Limited user study scale: Sample size of 18 participants is relatively small
Domain generalizability: Primarily validated in education and technology sectors; applicability to other industries remains to be verified
Insufficient cost analysis: Lacks detailed cost-benefit analysis

Impact

Academic contribution: Provides new methodology for enterprise AI application evaluation
Practical value: Directly addresses real industry needs
Reproducibility: Open-source code and detailed documentation support reproduction and extension

Applicable Scenarios

Enterprises need to evaluate text-to-SQL model performance on private data
Research institutions construct domain-specific text-to-SQL benchmarks
Data teams optimize model deployment and fine-tuning strategies

References

This paper cites 21 relevant references covering key areas including text-to-SQL benchmarks, LLM applications, annotation systems, and enterprise data challenges, providing a solid theoretical foundation for the research.

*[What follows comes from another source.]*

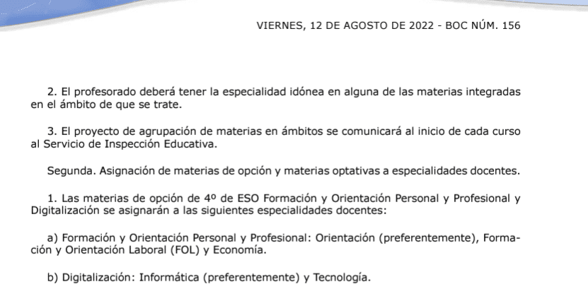 Sobre Economía, tenemos en la página 13, que tendrá prioridad en impartir la nueva materia ESO de Formación y Orientación Personal y Profesional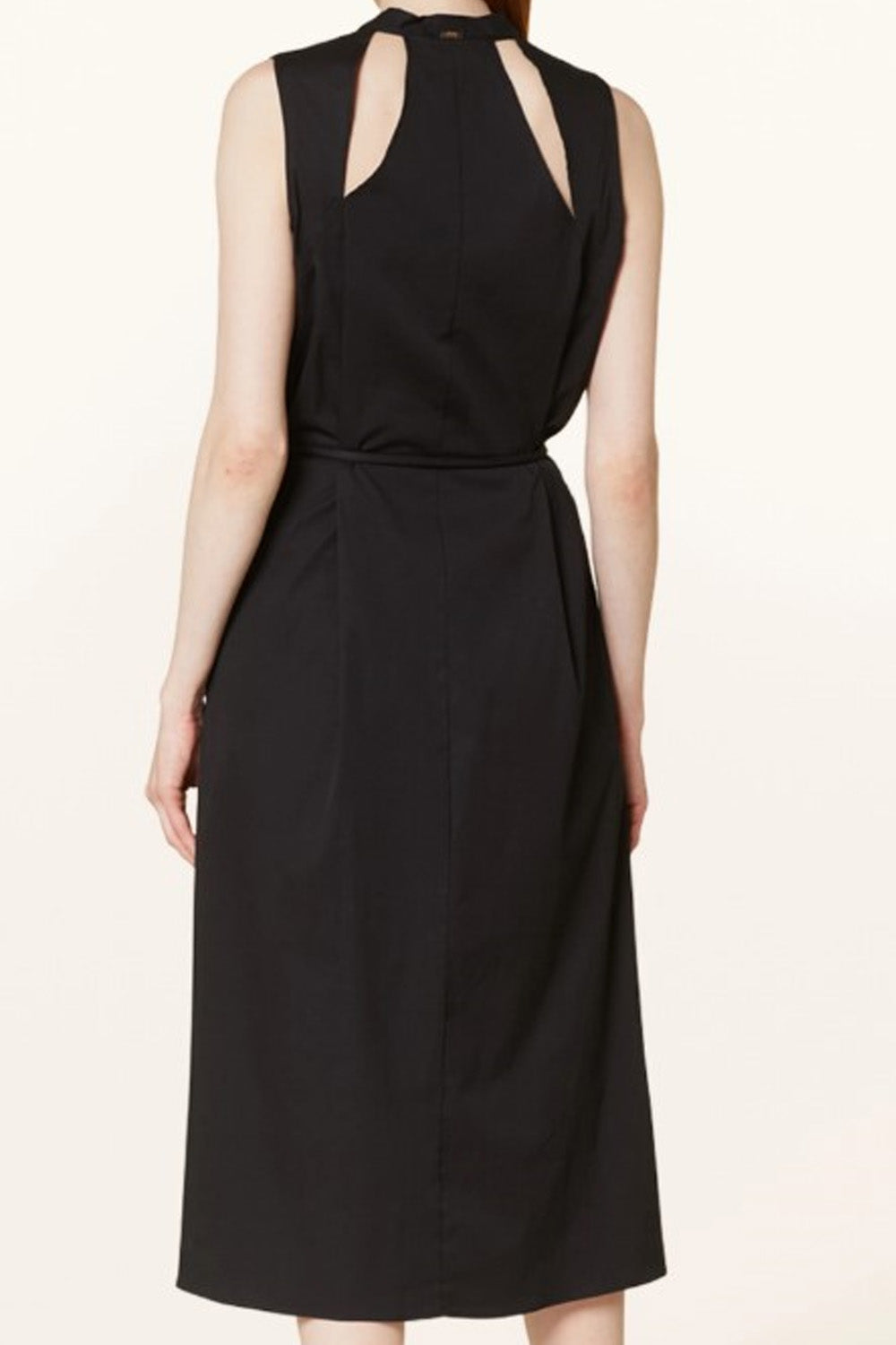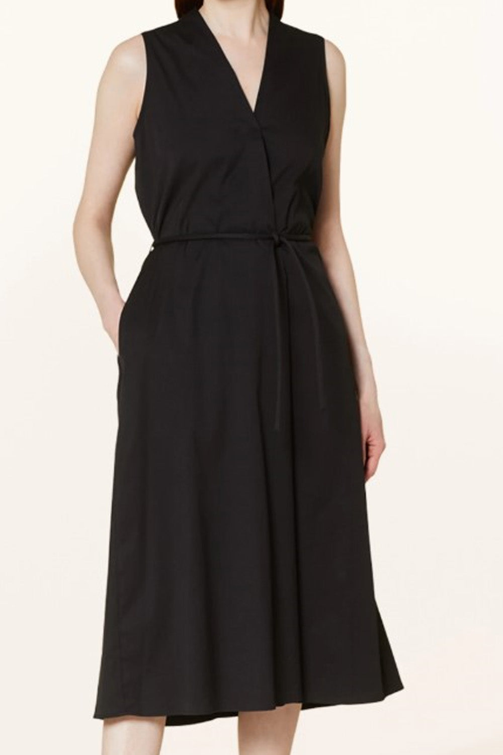 Type-Fizz Black Dress, Color-Black, Neck type-V Neckline, Sleeve Length-Sleeveless, Fit-Regular, Fabric-Poplin

Summary: BenchPress is a system with significant practical value that effectively addresses efficiency and quality challenges in creating enterprise-level text-to-SQL benchmarks through innovative human-in-the-loop design. This work is not only technically innovative but, more importantly, provides practical tools for safe deployment of enterprise AI applications, demonstrating strong academic and commercial value.